I've been spending the week getting to know decode_line_1.  One of the
things that I learned was that decode_line_1 thinks that it's its job
to take apart C++ expressions like A::B::C::x, where A and B are
namespaces, C is a class or a namespace, and x is a variable or a
member or something.

This cleared up some issues for me: e.g. why you don't have to put
single quotes around expressions involving static class members but do
have to put single quotes around expressions involving namespaces.
But, frankly, I was surprised that the function claimed to handle
namespaces at all (since, basically, it doesn't currently); moreover,
there's this lovely comment:

  Some versions of the HP ANSI C++ compiler (as also possibly
  other compilers) generate class/function/member names with
  embedded double-colons if they are inside namespaces.
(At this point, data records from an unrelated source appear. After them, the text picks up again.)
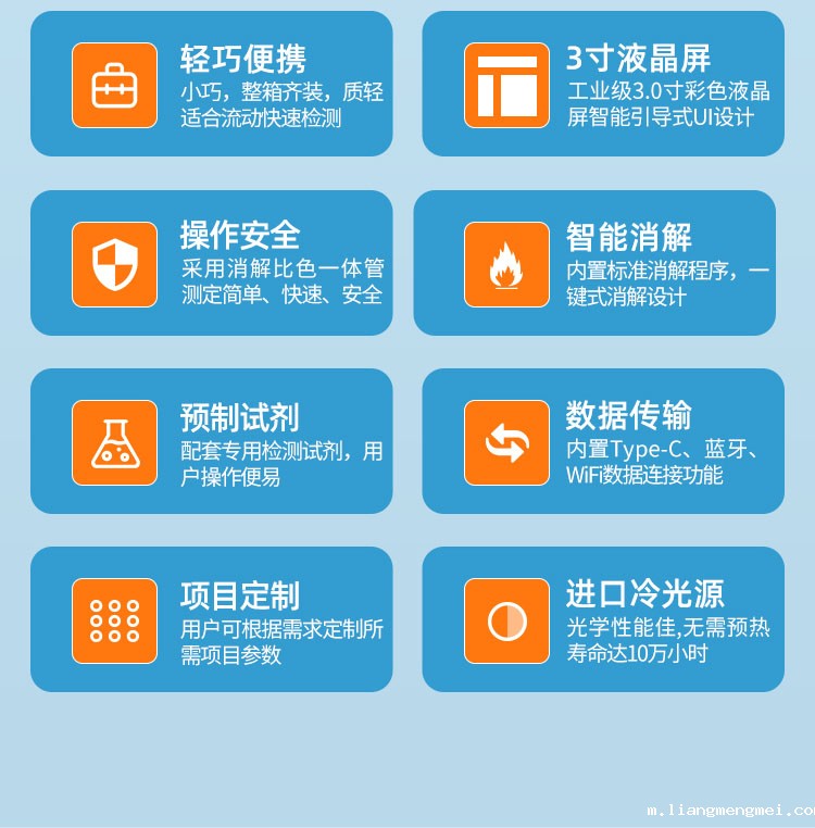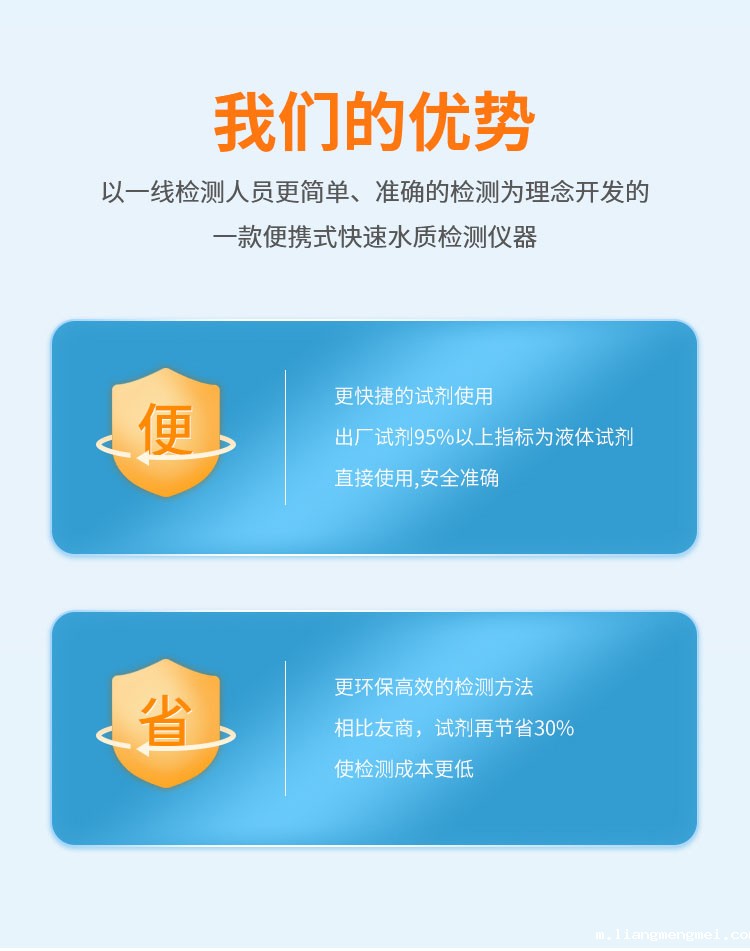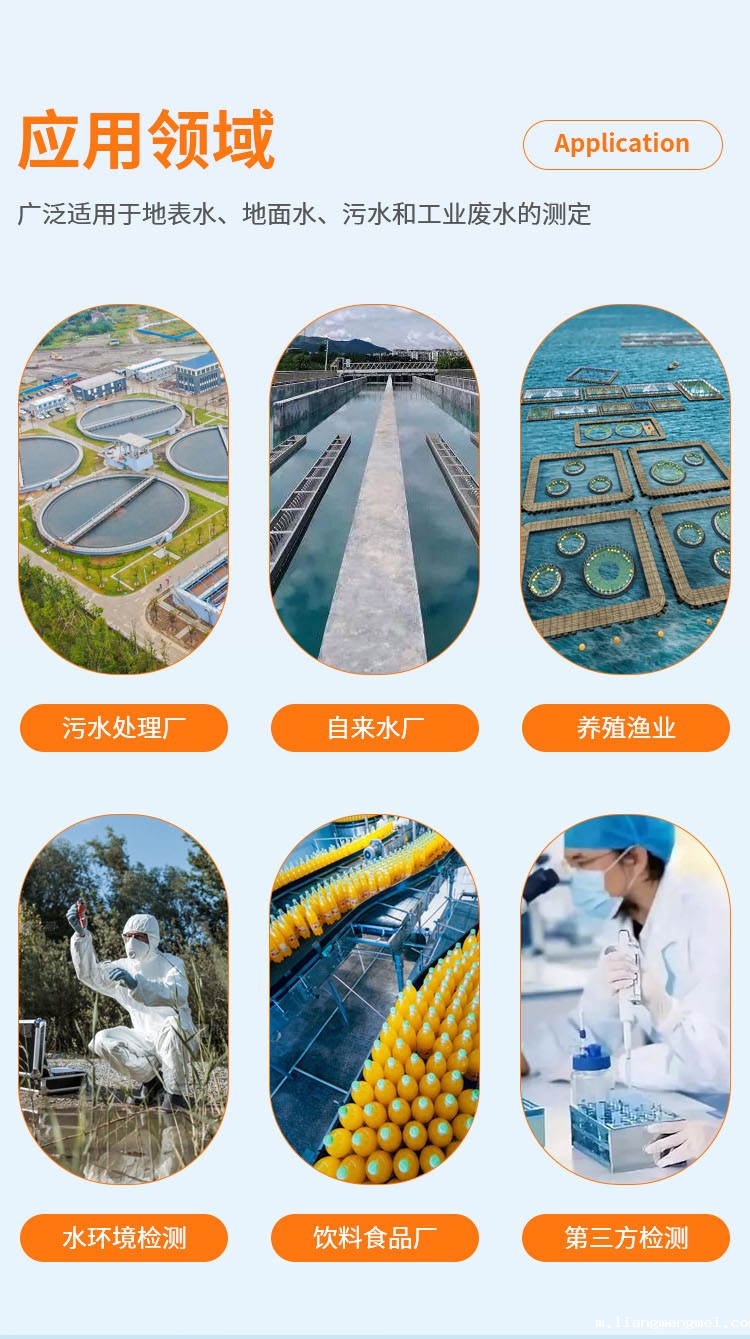 配套成品试剂,让检测更加简单、快速、准确、安全。仪器以其外观设计小巧、检测快速、操作简单、成本低等特点,广泛应用于应急监测、污水处理、化工、制药、医院废水、食品、印染等行业废水检测方面,还可以应用于科研单位、大中专院校等机构的废水研究使用。
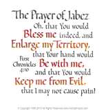 1st Chronicles 4:9, 10 KJV * 9/And Jabez was more honourable than his brethern: and his mother called his name Jabez, saying, Because I bare him with sorrow. 10/And Jabez called on the God of Israel, saying, Oh that thou wouldest bless me indeed, and enlarge my coast, and that thine hand might be with me, and that thou wouldest keep me from evil, that it may not grieve me! And God granted him that which he requested.
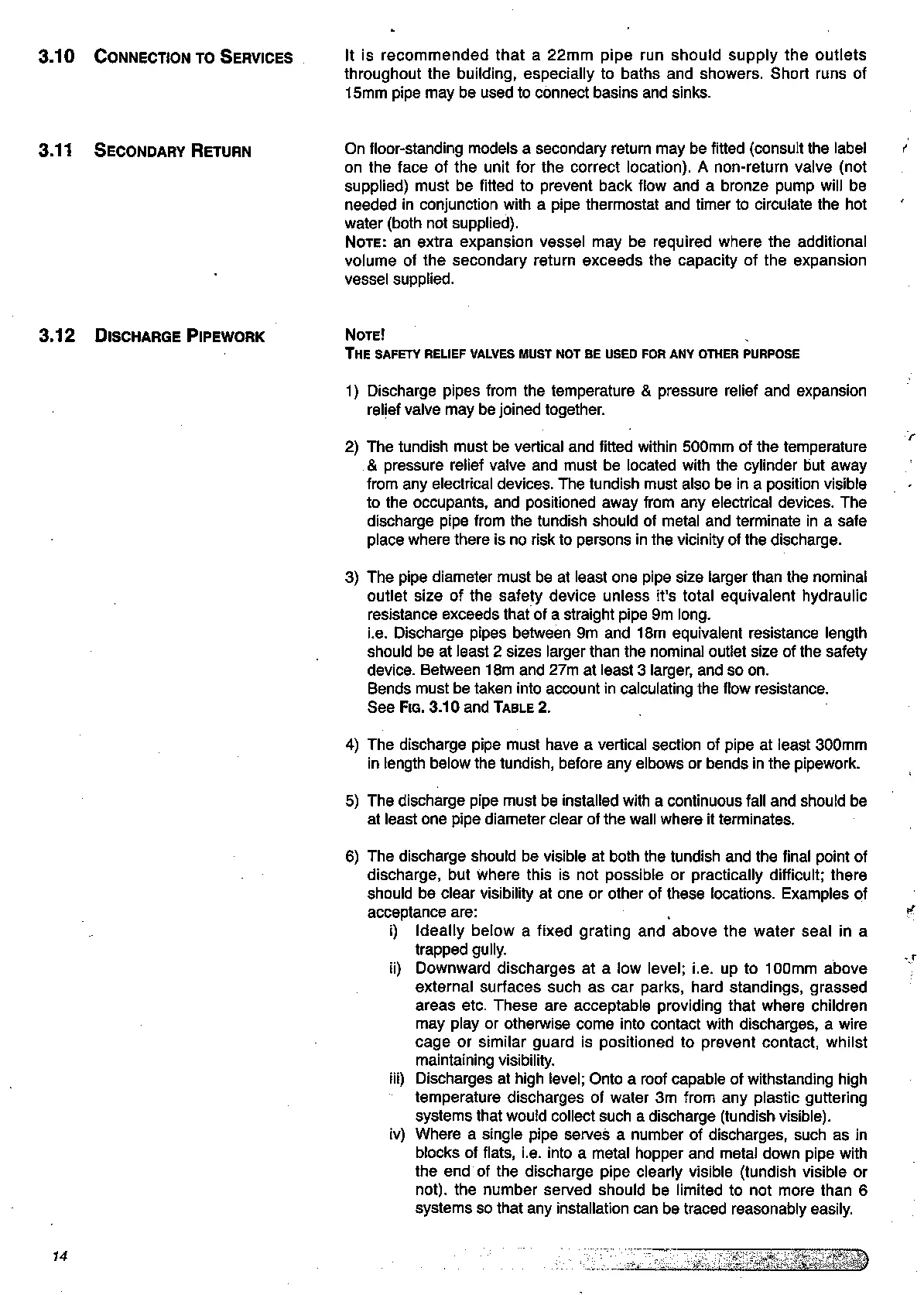 Ariston Classico HE STD 125 - 3.10 Connection to Services; 3.11 Secondary Return; 3.12 Discharge Pipework

To
  handle this, we loop a few times, considering larger and
  larger prefixes of the string as though they were single
  symbols.  So, if the initially supplied string is
  A::B::C::D::foo, we have to look up "A", then "A::B",
  then "A::B::C", then "A::B::C::D", and finally
  "A::B::C::D::foo" as single, monolithic symbols, because
  A, B, C or D may be namespaces.

I'm not sure I understand the context here: did/does HP's compiler
generate names for symbols in namespace that, after demangling, looked
fundamentally different from, say, the way GCC's do?  The above sounds
the same as the way GCC's demangled symbol names work; but it hints at
possible compilers which might somehow generate a symbol 'A' if there
is a namespace 'A'.  Are there any such compilers?  I sure can't
imagine where GDB would currently do anything useful with that
information.

So any insight about the context of that comment would be greatly
appreciated.

I'm certainly glad I discovered this bit of decode_line_1, at any
rate: it suggests that some code that I was planning to add to
lookup_symbol should really go in decode_line_1.  (The only thing
worse than having one gross hack of a parser is having two gross hacks
of a parser that are both trying to do the same thing.)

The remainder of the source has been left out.